* _What to produce_:
Nothing but the lines from the one including "當時去流石店裡一眼就看到這個" through the last line of the entries, restated exactly, should appear in the answer; omit the pictures.

··· Data excerpts

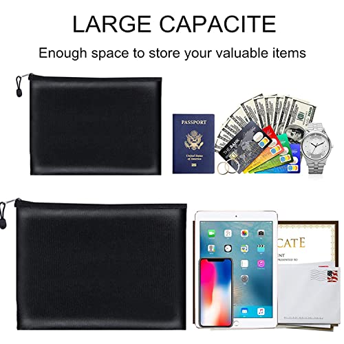 Design a due dimensioni: set di 2 sacchetti ignifughi per documenti di diverse dimensioni, una borsa da 38 cm x 28 cm per riporre certificati, tablet, lettere, documenti in formato carta formato lettera legale/A4, gioielli, orologi e altri oggetti di valore, una borsa da 29 cm x 21 cm per riporre passaporto, licenze, contanti, monete, chia
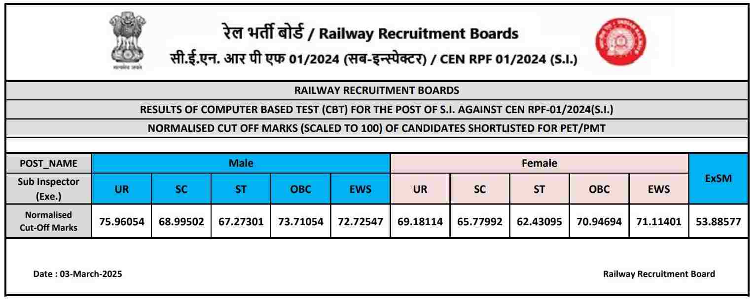 RPF SI Cut Off 2025: The Railway Recruitment Board (RRB) has officially released the cutoff marks for the Sub Inspector (SI) exam along with the RPF SI result. The cutoff marks have been released separately for male and female candidates across various categories.
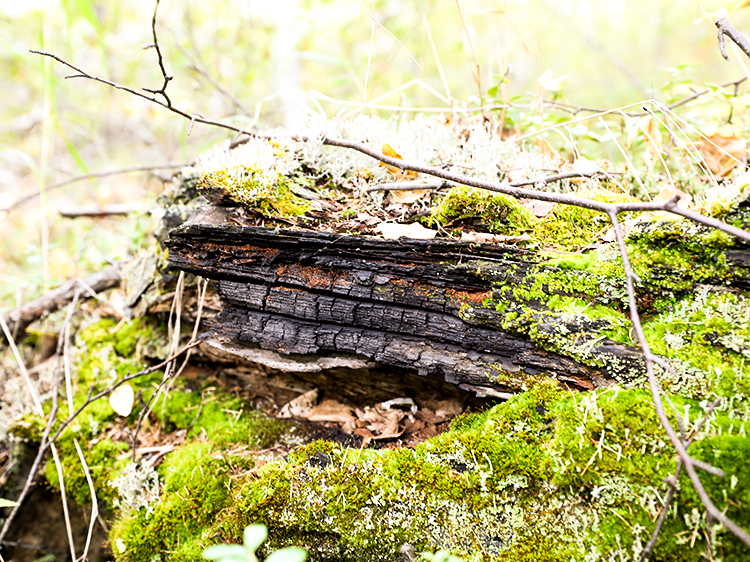 林地上燒過的樹木,已長出苔蘚。
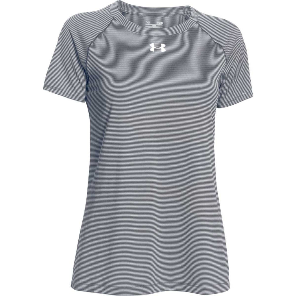 What if there was a short-sleeve tee that was just as high-tech as any gadget you take along your usual running route? This Under Armour Women's Graphite UA Stripe Tech Locker Short Sleeve Tee might not be able to play MP3 files for you, but otherwise-we think it's pretty close. It starts with the fabric itself: UA Tech fabric that's soft and feels natural. The Signature Moisture Wicking system is something like a private cooling system. And the lightweight, stretchy construction? You'll feel like you're wearing something a little more sophisticated than a T-shirt. With your added logo on this short sleeve option, you can represent your brand-which means you can look cool while staying cool.
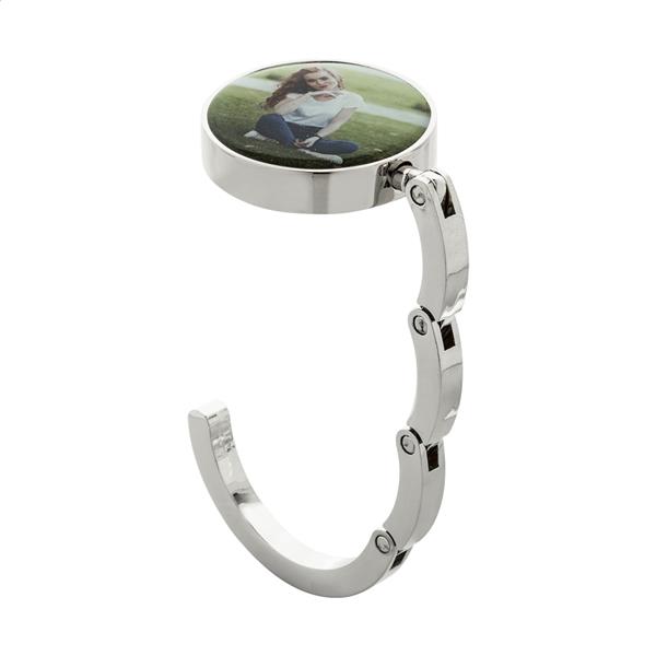 Składany, metalowy wieszak na torbę.
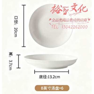 洁雅杰陶瓷盘家用白盘子8英寸中式釉下彩深盘菜盘陶瓷汤盘4只装中华圆盘SKU:yzwhyp1032486
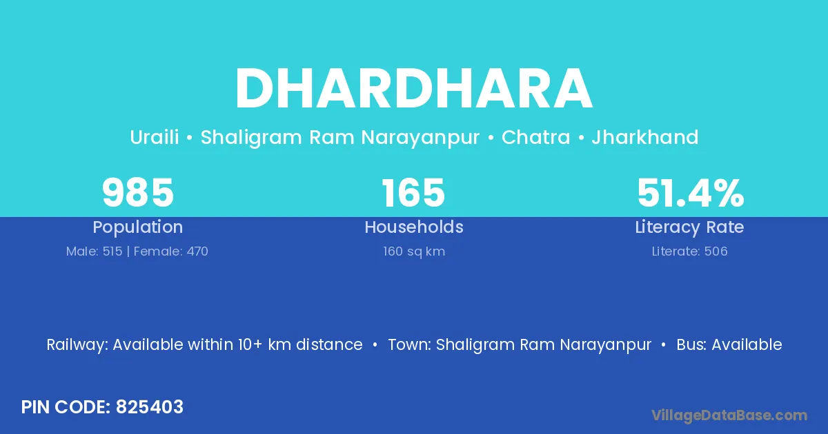 Dhardhara village has a total population of 985 people, of which 515 are males and 470 are females.
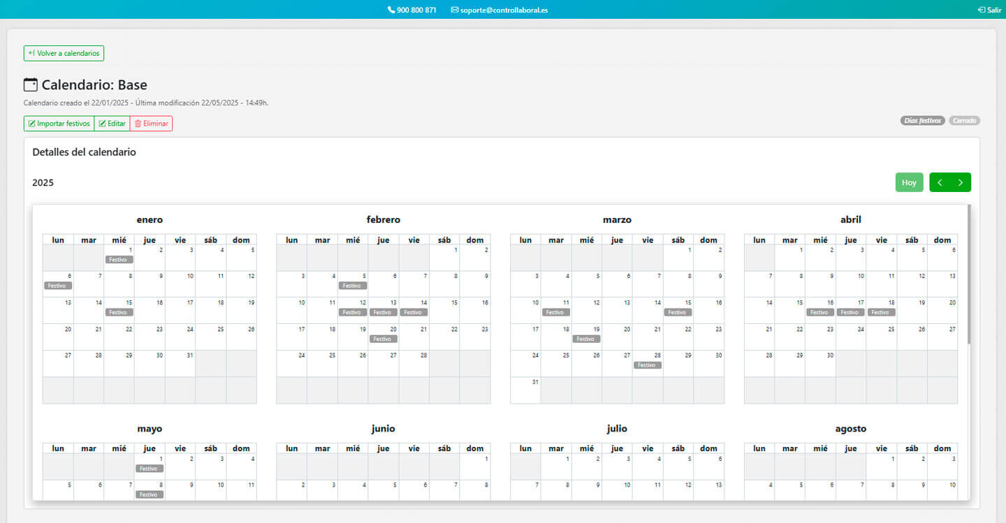 Desde esta sección podrás configurar el calendario laboral de tu empresa, marcando los días festivos y adaptándolo a la actividad real de tu organización.
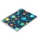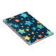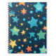 Estrelas brancas amarelas, vermelhas e azuis brilhantes em design de padrão de fundo azul.
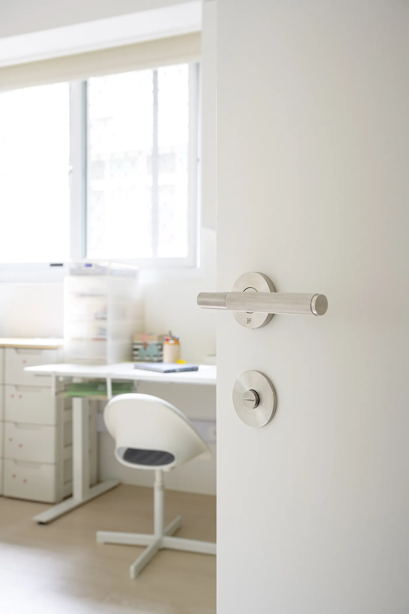 當時去流石店裡一眼就看到這個漂亮門把,抓握試用後,便跟設計師說想選用這個品牌,握起來手感很細緻,安靜的在那邊也覺得很有氣質,發現其實這種每天都要摸到的東西,挑質感好一些的,整天在家使用到的時候也會感到心情很好。
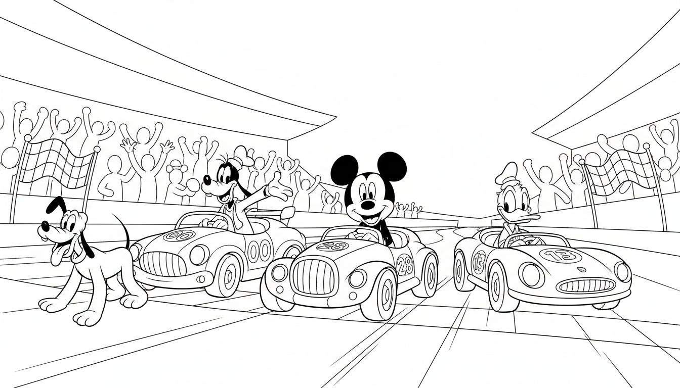 Deze kleurplaat biedt niet alleen een kans om creatief te zijn, maar ook om de klassieke Disney-personages op een nieuwe, dynamische manier te beleven. Wat voor kleuren ga jij gebruiken voor de raceauto’s, de kleding van de personages en de juichende menigte? Laat je fantasie de vrije loop en maak van deze race de meest kleurrijke ooit!
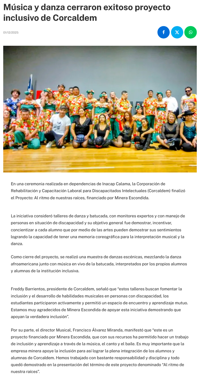 Estudiantes de Corcaldem muestran avance en danza afro y batucada durante cierre de proyecto inclusivo - (elreferente.cl)
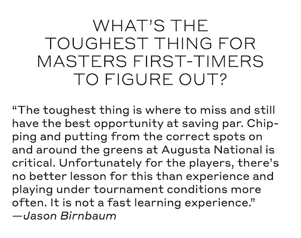 What’s the toughest thing for Masters’ first-timers to figure out?

······

* _Response to the task_:
 當時去流石店裡一眼就看到這個漂亮門把,抓握試用後,便跟設計師說想選用這個品牌,握起來手感很細緻,安靜的在那邊也覺得很有氣質,發現其實這種每天都要摸到的東西,挑質感好一些的,整天在家使用到的時候也會感到心情很好。
 Deze kleurplaat biedt niet alleen een kans om creatief te zijn, maar ook om de klassieke Disney-personages op een nieuwe, dynamische manier te beleven. Wat voor kleuren ga jij gebruiken voor de raceauto’s, de kleding van de personages en de juichende menigte? Laat je fantasie de vrije loop en maak van deze race de meest kleurrijke ooit!
 Estudiantes de Corcaldem muestran avance en danza afro y batucada durante cierre de proyecto inclusivo - (elreferente.cl)
 What’s the toughest thing for Masters’ first-timers to figure out?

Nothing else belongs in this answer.